PROBLEM:
Restate each line of the listing exactly, without carrying over any pictures.

INFORMATION PROVIDED:
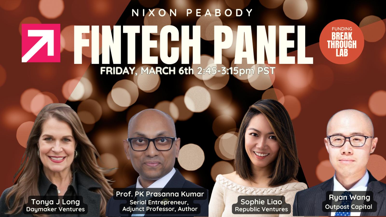 2:45-3:15pm | Investor Panel: Fintech Insights with Sophie Liao (Republic), Prof. PK Prasanna Kumar, Tonya J Long (Daymaker Ventures)
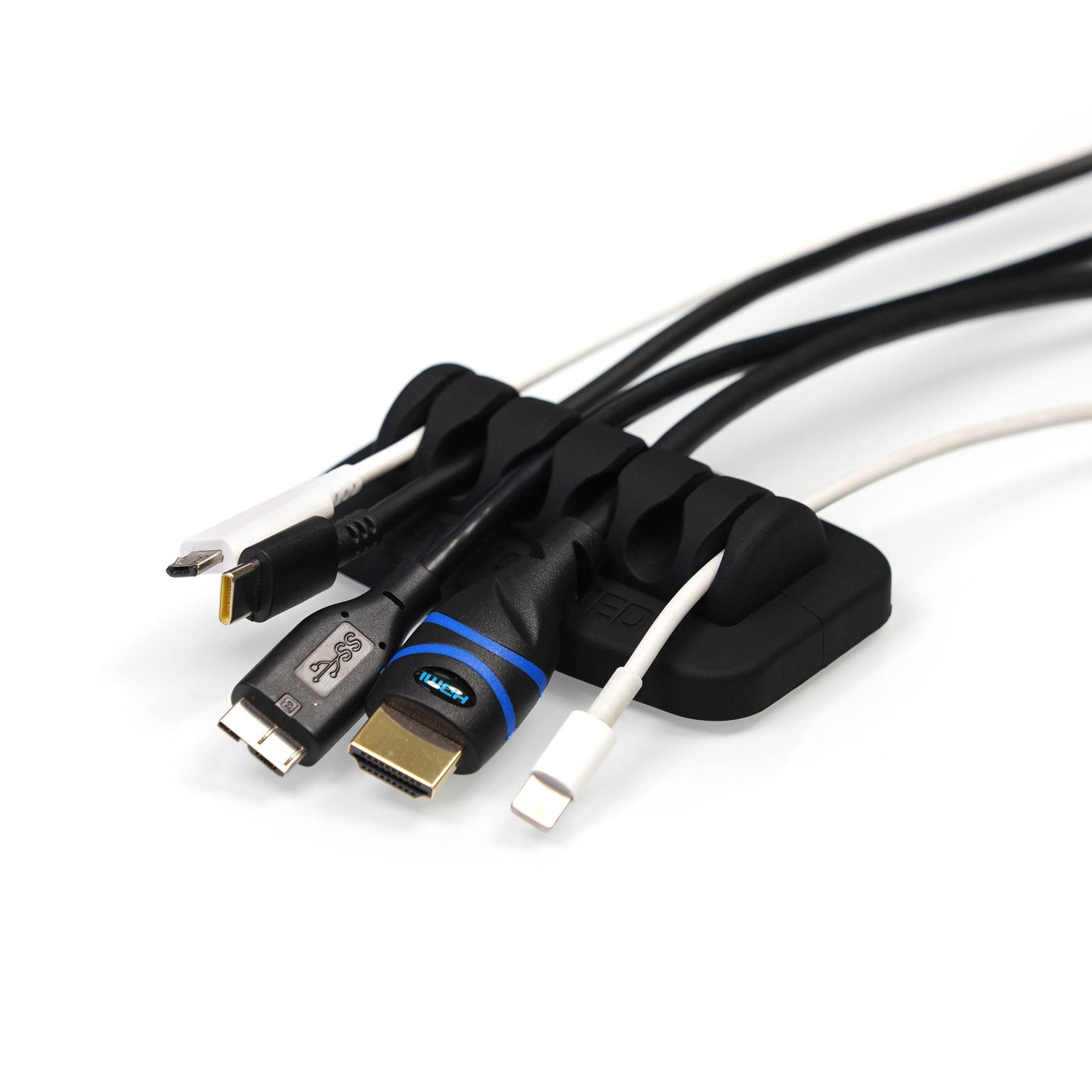 Desktop Cable Organizer, Weighted, Eco Friendly Silicone, No Bad Smell, Bundled With 4 Reusable Cable Ties (Black)
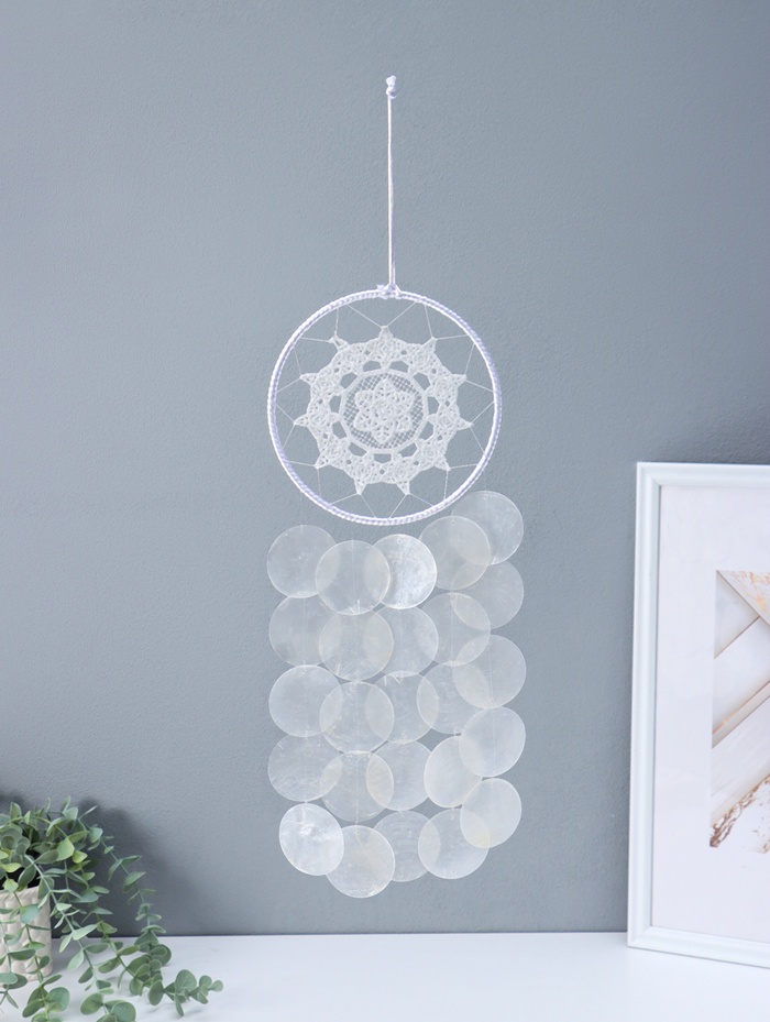 Ловец снов "Паутинка с бусинками" перламутр 12 кружков d=4,8 см 11,5х39,5 см
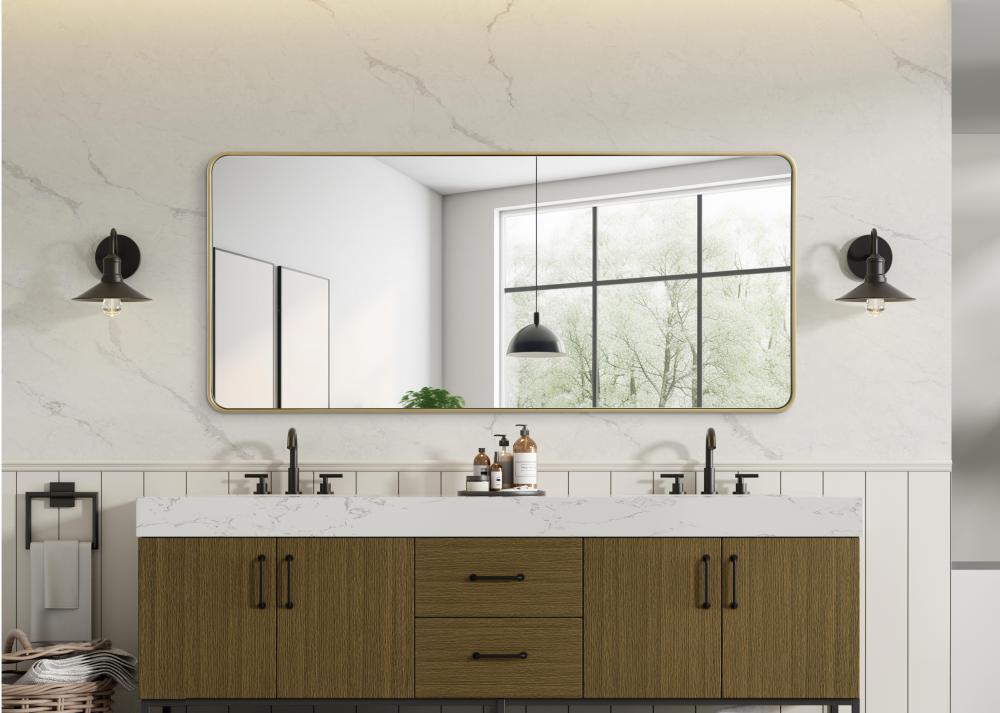 Elevate your home decor with this versatile wall mirror that combines functionality and modern design. Made from a sturdy combination of MDF, iron, and reflective mirror glass, this piece is built to last while adding a polished finish to any room. The extended depth of the frame not only provides a striking dimensional effect but also ensures the mirror’s presence commands attention as a focal point. Whether you're decorating a bedroom, bathroom, or entryway, its diverse shapes—including rectangle and square—offer plenty of options to suit your style. The hand-painted black, brass, or silver finish brings a subtle yet striking touch, complemented by rounded corners for a smooth and contemporary aesthetic. with four metal inset hangers, it's ready to hang vertically or horizontally, ensuring flexibility for any layout. Available in multiple sizes, this mirror is a statement piece that blends seamlessly into both modern and classic spaces.

FINISHED TASK:
 2:45-3:15pm | Investor Panel: Fintech Insights with Sophie Liao (Republic), Prof. PK Prasanna Kumar, Tonya J Long (Daymaker Ventures)
 Desktop Cable Organizer, Weighted, Eco Friendly Silicone, No Bad Smell, Bundled With 4 Reusable Cable Ties (Black)
 Ловец снов "Паутинка с бусинками" перламутр 12 кружков d=4,8 см 11,5х39,5 см
 Elevate your home decor with this versatile wall mirror that combines functionality and modern design. Made from a sturdy combination of MDF, iron, and reflective mirror glass, this piece is built to last while adding a polished finish to any room. The extended depth of the frame not only provides a striking dimensional effect but also ensures the mirror’s presence commands attention as a focal point. Whether you're decorating a bedroom, bathroom, or entryway, its diverse shapes—including rectangle and square—offer plenty of options to suit your style. The hand-painted black, brass, or silver finish brings a subtle yet striking touch, complemented by rounded corners for a smooth and contemporary aesthetic. with four metal inset hangers, it's ready to hang vertically or horizontally, ensuring flexibility for any layout. Available in multiple sizes, this mirror is a statement piece that blends seamlessly into both modern and classic spaces.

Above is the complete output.